Recently learning Spark, I am mainly programming with the Pyspark API,
The network of Chinese interpretation is not many, API official documents are not very easy to understand, I combined with their own understanding of the record, convenient for others reference, but also convenient to review it
This is the introduction of Pyspark. Rdd.histogram
Histogram (buckets)
The input parameter buckets can be a number, or it can be a list
The output is a tuple with two lists of buckets and histograms, respectively.
For example: A list of 0 to 50 sequences,
when the buckets is a number
>>> Rdd = sc.parallelize (range)
>>> Rdd.histogram (2)
([0, 25, 50], [25, 26])
The parameter buckets is 2, the output is two parts, [0,25,50] is
barrels, [25,26] is within each barrel distribution.
Frequency
when buckets is a list
>>> Rdd.histogram ([0, 5, +])
([0, 5, 25, 50], [5, 20, 26])
The parameter buckets is [0,5,25,50], the output is two parts, [0,5,25,50] is a bucket, [5,20,26] is the frequency within each barrel distribution
>>> Rdd = sc.parallelize (["AB", "AC", "B", "BD", "EF"])

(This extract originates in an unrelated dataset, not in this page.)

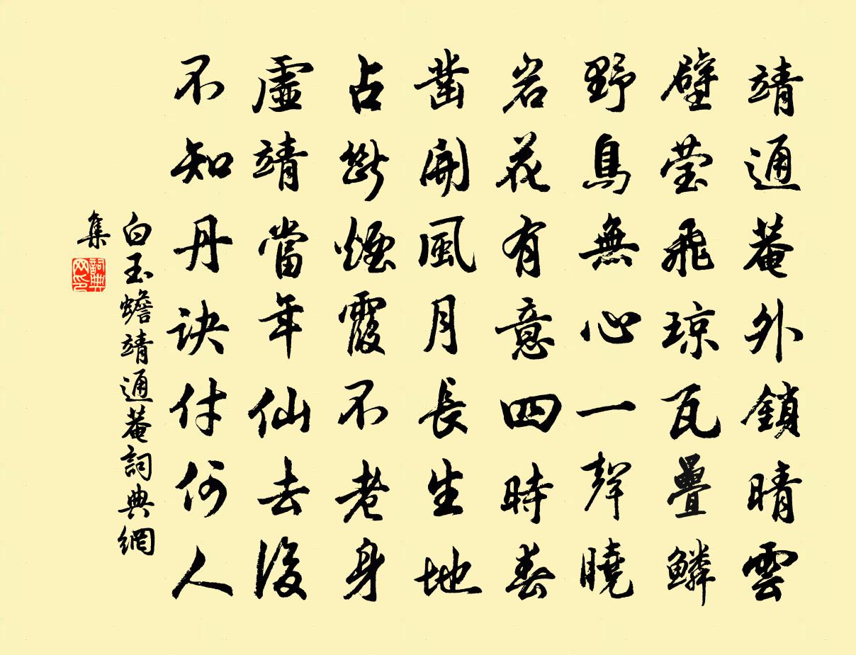 詩詞名句歷史字典書法欣賞書法字典國語詞典說文解字康熙字典古漢語字典標 題 作 者 詩 句 靖通菴作者:白玉蟾 朝代:宋代靖通菴原文靖通菴外鎖晴雲,壁瑩飛瓊瓦疊鱗。野鳥無心一聲曉,岩花有意四時春。鑿開風月長生地,占斷煙霞不老身。虛靖當年仙去後,不知丹訣付何人。詩詞問答問:靖通菴的作者是誰?答:白玉蟾問:靖通菴寫於哪個朝代?答:宋代問:靖通菴是什麼體裁?答:七律白玉蟾靖通菴書法欣賞靖通菴書法作品詩詞推薦虎丘惠長老請贊釋心月〔宋代〕萬里晴空,一聲霹靂。盡大地人,掩耳不及。浩浩清風生八極。賀新郎·別茂嘉十二弟辛棄疾〔宋代〕別茂嘉十二弟。鵜鴂、杜鵑實兩種,見《離騷補註》綠樹聽鵜鴂。更那堪、鷓鴣聲住,杜鵑聲切。啼到春歸無尋處哭公素司馬光〔宋代〕負書游上國,拾芥取榮名。雅度津涯闊,高文風雨驚。忘懷翻得謗,縱酒遂傷生。忍使泉台客,悁悁不自明。丹旌次韻慎思貽無咎文潛誦詩蔡肇〔宋代〕臥聽高齋落葉風,清詩交詠想晨鐘。故人厚意論千載,正始遺音僅一逢。膠漆初期在俄頃,雲龍莫恨不相從。芸房和黃雲甫韻陳普〔宋代〕志欲鑽研探三原,聖言爭奈遠如天。爬沙愧我遲而鈍,穿石輸君敏且專。方識立身須廣大,也知去道每輕儇。若將倚江亭會上虞伯逵送梅花並二絕句坐上次韻並王之望〔宋代〕喜見江梅又著花,插來不怕帽檐斜。高標幽韻誰真似,人在風流賀監家。不出門白居易〔唐代〕彌月不出門,永日無來賓。食飽更拂床,睡覺一嚬伸。輕箑白鳥羽,新簟青箭筠。方寸方丈室,空然兩無塵。披衣贈演說人釋慧遠〔宋代〕西湖演士妙天機,舌轉風雷口角飛。奪騎未聞沙寒冷,斬關先覺陣雲低。前賢后聖從君數,水遠山長我自知。皓首夜別韋司士高適〔唐代〕高館張燈酒復清,夜鍾殘月雁歸聲。只言啼鳥堪求侶,無那春風欲送行。黃河曲里沙為岸,白馬津邊柳向城。莫怨喜晴衛宗武〔宋代〕披霧出松關,行行破曉寒。崎嶇忽平坦,迤邐復巑屼。霜沐林光沃,山圍野色寬。朝曦開霽景,鳴鳥亦聲懽。同楊仲禮和袁集賢上都詩柳貫〔元代〕幄殿層雲障,轅門積雪峰。奇鷹皆戴角,御馬盡飛龍。瀚海將臨幸,雲亭望陟封。青丘大羽獵,有事待玄冬。江如練/蝶戀花賀鑄〔宋代〕睡鴨鱸寒熏麝煎。寂寂歌梁,無計留歸燕。十二曲闌閒倚遍。一杯長待何人勸。不識當年桃葉面。吟詠佳詞,想像李士元學士守臨邛日有谷一莖九穟者數本芝數梅堯臣〔宋代〕臨邛傳瑞物,太守在郡時。既多九穟谷,復有三秀芝。芝以保萬壽,谷以豐東菑。更看芙容葉,並蒂照清池。病中數會張道士見譏以此答之白居易〔唐代〕亦知數出妨將息,不可端居守寂寥。病即藥窗眠盡日,興來酒席坐通宵。賢人易狎須勤飲,奼女難禁莫謾燒。張道偈頌四十一首釋普寧〔宋代〕一塵入正定,諸塵三昧起。諸塵入正定,一塵三昧起。三昧與正受,土塊泥里洗。咦,白日堂堂眼見鬼。非不非,矮齋雜詠二十首春思華岳〔宋代〕東風吹恨入青樓,滿目春容總是愁。楊柳織成絲萬縷,憑誰裁作翠茸裘。滿江紅(丁未初度自賦)李曾伯〔宋代〕老去生涯,都付與、一丘一壑。功名事,慚非好手,幾逢危著。走馬鬥雞年少趣,椎牛釃酒軍中樂。到而今、渾似夏日陸游〔宋代〕山下柴荊晝不開,苔生古井暗楸槐。新詩喔罷閒無事,移取藤床睡去來。觀李湊所畫美人障子劉長卿〔唐代〕愛爾含天姿,丹青有殊智。無間已得象,象外更生意。西子不可見,千載無重還。空令浣沙態,猶在含毫間。一笑風入松張炎〔宋代〕一春不是不尋春。終是不忺人。好懷漸向中年減,對歌鐘、渾沒心情。短帽怕黏飛絮,輕衫壓撲游塵。暖香十里軟名句推薦山下蘭芽短浸溪,松間沙路淨無泥。瀟瀟暮雨子規啼。蘇軾《浣溪沙·游蘄水清泉寺》 不成便沒相逢日,重整釵鸞箏雁。張翥《陌上花·有懷》 雙槳來時,有人似、舊曲桃根桃葉。姜夔《琵琶仙·雙槳來時》 觀書老眼明如鏡,論事驚人膽滿軀辛棄疾《送湖南部曲》 巧笑東鄰女伴,採桑徑里逢迎。晏殊《破陣子·春景》 傷心千里江南,怨曲重招,斷魂在否?吳文英《鶯啼序·春晚感懷》 玉容寂寞淚闌乾,梨花一枝春帶雨。白居易《長恨歌》 今又重陽,戰地黃花分外香。 * 《採桑子·重陽》 薊城通漠北,萬里別吾鄉。李頎《古塞下曲》 天生我材必有用,千金散盡還復來。李白《將進酒》

>>> Rdd.histogram (("A", "B", "C"))
((' A ', ' B ', ' C '), [2, 2])
Summarize the following points:
1, histogram used to calculate the histogram distribution result according to the given parameter buckets, buckets parameter can be a number, can also be a list
2, all the results of the histogram set interval to the right is open interval, except for the last interval
For example: Results [0, 25, 50] indicate that the barrel result is [0,25], [25,50], i.e., 0 <= x <, 50 <= x <=
3, the bucket must be orderly, and does not contain duplicate elements, at least two elements
For example: the result [0,25,50] is small to large ordered, and contains at least two elements
4. If the parameter buckets is a number, it generates a bucket that is evenly distributed between the maximum and minimum values of the RDD,
For example: If the minimum value is 0, the maximum value is 100, and the given buckets equals 2, the result of the bucket is [0,50], [50,100]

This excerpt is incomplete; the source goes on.